# THE PROBLEM
Pictures aside, return every line below exactly as written.

# THE DATA
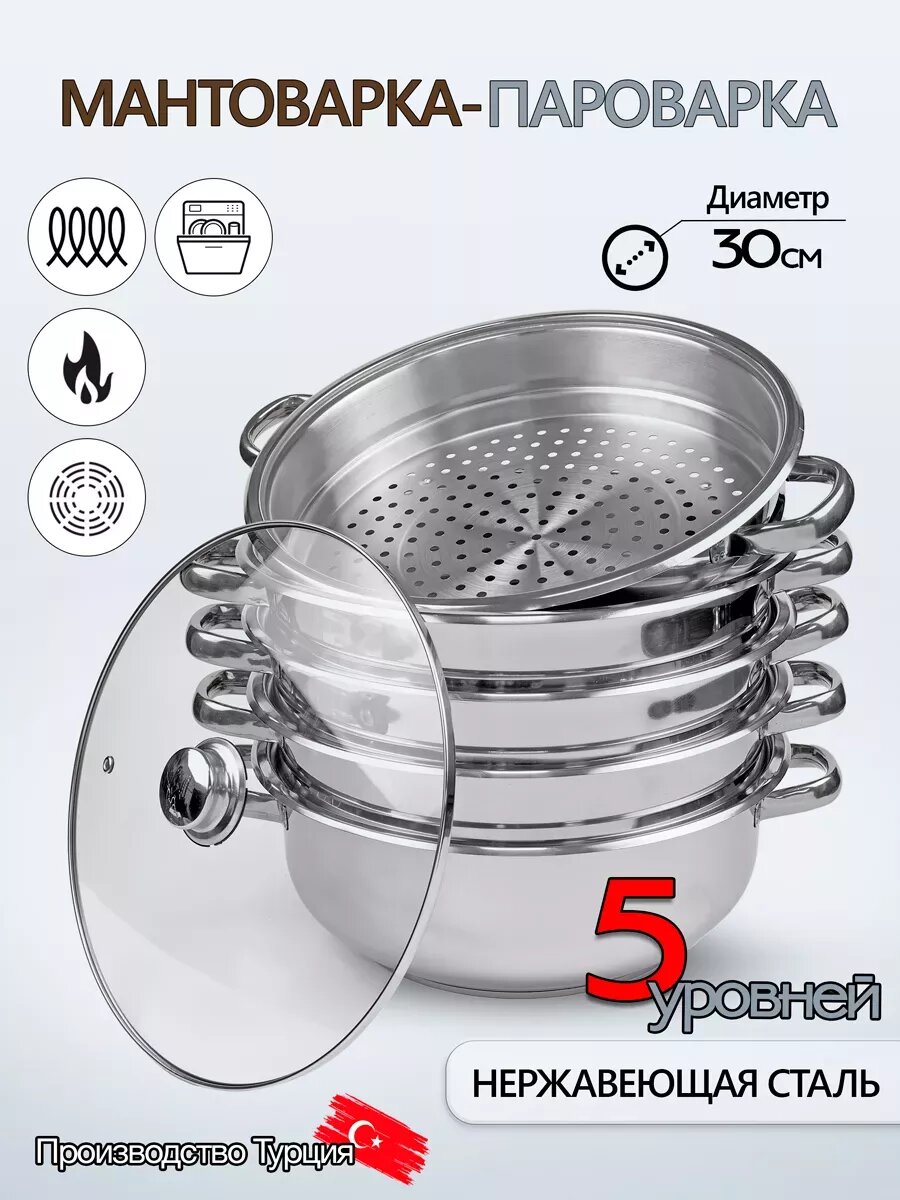 Парока - Мантоварка из нержавеющей стали 5 ярусов d-30см 6 литров. с крышкой - это идеальный выбор для тех, кто ценит комфорт и функциональность в приготовлении пищи. Эта мантоварка обладает превосходными качествами, такими как надежность, долговечность и удобство использования.
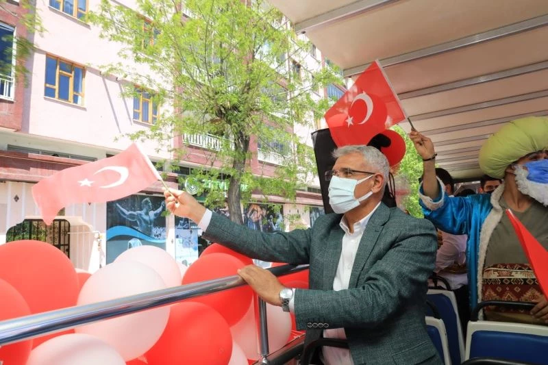23 Nisan Ulusal Egemenlik ve Çocuk Bayramı için özel bir programa imza atan Malatya’nın Battalgazi Belediyesi, rengarenk süslediği üstü açık tur otobüsüyle, korona virüs tedbirleri kapsamında bu yılda evlerinden çıkamayan çocukların bayramını kutladı.
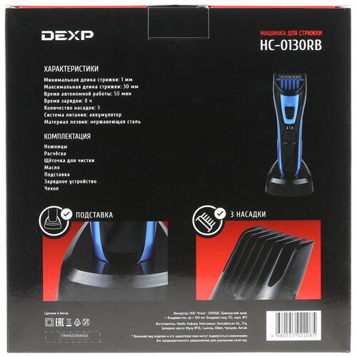 Машинка для стрижки DEXP HC-0130RB черный/синий
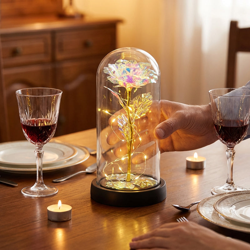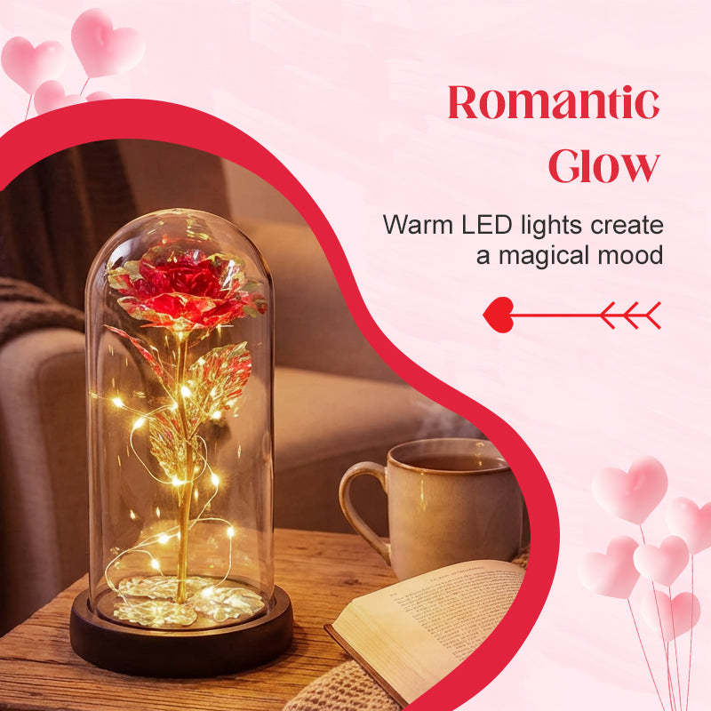 Luminous Forever Rose with Glass Cover & Fairy Lights

# EXERCISE RESULT
 Парока - Мантоварка из нержавеющей стали 5 ярусов d-30см 6 литров. с крышкой - это идеальный выбор для тех, кто ценит комфорт и функциональность в приготовлении пищи. Эта мантоварка обладает превосходными качествами, такими как надежность, долговечность и удобство использования.
23 Nisan Ulusal Egemenlik ve Çocuk Bayramı için özel bir programa imza atan Malatya’nın Battalgazi Belediyesi, rengarenk süslediği üstü açık tur otobüsüyle, korona virüs tedbirleri kapsamında bu yılda evlerinden çıkamayan çocukların bayramını kutladı.
 Машинка для стрижки DEXP HC-0130RB черный/синий
 Luminous Forever Rose with Glass Cover & Fairy Lights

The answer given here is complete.